The design industry is undergoing a fundamental shift. Traditional tools like Sketch and Adobe XD are losing ground to AI‑powered platforms that automate mundane tasks. Figma’s decision to embed AI natively into its canvas positions it well against these disruptors. However, challenges remain. Designers may worry about job displacement or the homogenisation of creativity if AI generates too many similar outputs. Figma has addressed this by making the agent tool configurable: designers can adjust the creativity level, specify constraints, and even train the agent on custom datasets to reflect unique brand voices.
Another challenge is performance. Running multiple AI agents in real time on a web-based canvas requires significant computational resources. Figma has invested in its cloud infrastructure, using GPU clusters to handle inference requests. The company also offers AI credit bundles for heavy usage, ensuring that the feature remains sustainable while covering costs. Early tests show that the agent responds within seconds for simple prompts, though complex multi-step generation may take longer.
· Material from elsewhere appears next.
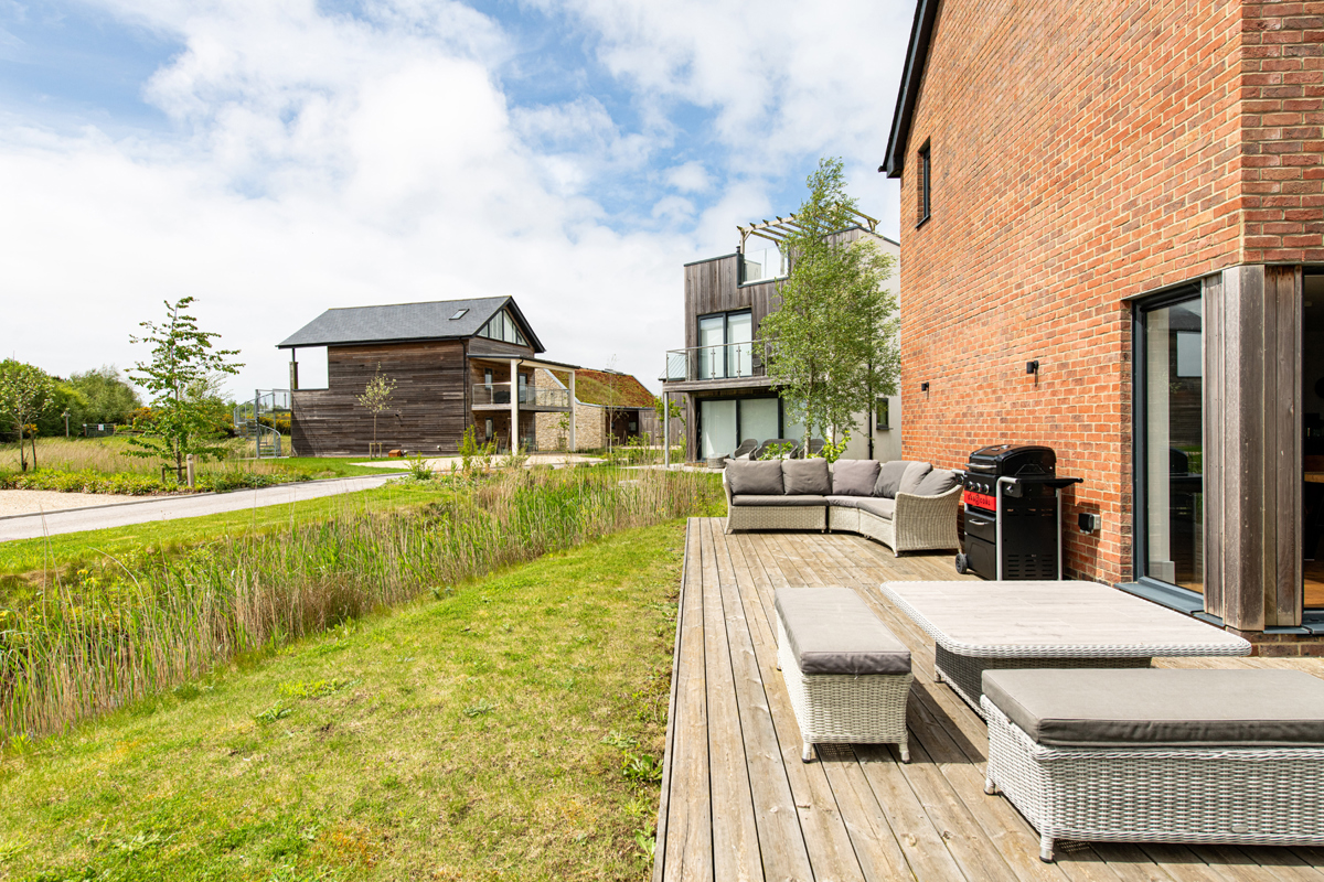 Step out from the dining area onto the decking that surrounds the property, providing space to relax by the stream. The property is equipped with a large outdoor sofa, dining table and a gas BBQ. There is also a gravel driveway next to the property.

Looking ahead, Figma plans to extend the AI assistant to its other products, including FigJam (its whiteboarding tool) and Figma Dev Mode. This would allow product managers, researchers, and developers to leverage AI directly in their workflows. For instance, a product manager could ask the agent to generate a user flow diagram in FigJam from a text description, or a developer could request code snippets from a design frame without leaving Dev Mode.
Figma’s financial performance reinforces its capacity to invest in these initiatives. The company’s 46% revenue growth in Q1 2026 far exceeds the industry average, and the highest net dollar retention rate in over two years signals that existing customers are expanding their usage and finding value in new features like AI. The $200 million Weavy acquisition is already paying off: the AI credit monetization strategy contributed significantly to these numbers, proving that users are willing to pay for generative capabilities.
The broader ecosystem is also paying attention. Venture capital investment in AI design tools reached $1.5 billion in 2025, according to PitchBook, with startups raising large rounds to challenge incumbents. Figma’s response is not just to compete but to set the standard for what an AI-augmented design tool can be. By integrating the assistant into the multiplayer canvas, Figma is betting that the future of design is collaborative—between humans and machines, on a single surface.
Whether that distinction matters will depend on execution. Figma must ensure that the assistant remains intuitive, reliable, and transparent. Designers should understand why the agent made certain layout decisions and how to override them. Figma has included a “reasoning trace” feature that shows the agent’s thought process, extracted from the underlying LLM’s chain-of-thought outputs. This builds trust and helps designers learn from the agent’s decisions.
In summary, Figma’s launch of its own AI assistant marks a pivotal moment for the design industry. It leverages the company’s core strength—the multiplayer canvas—as a platform for AI collaboration. While competitors like Canva and Adobe are also racing to integrate AI, Figma’s focus on collaborative, real-time, and design-specific AI gives it a unique position. The assistant’s ability to respect design systems, work alongside multiple agents, and incorporate user feedback directly into the canvas sets it apart from generic AI tools. As Figma continues to refine its models and expand the assistant’s capabilities, it may well redefine how designers and machines create together.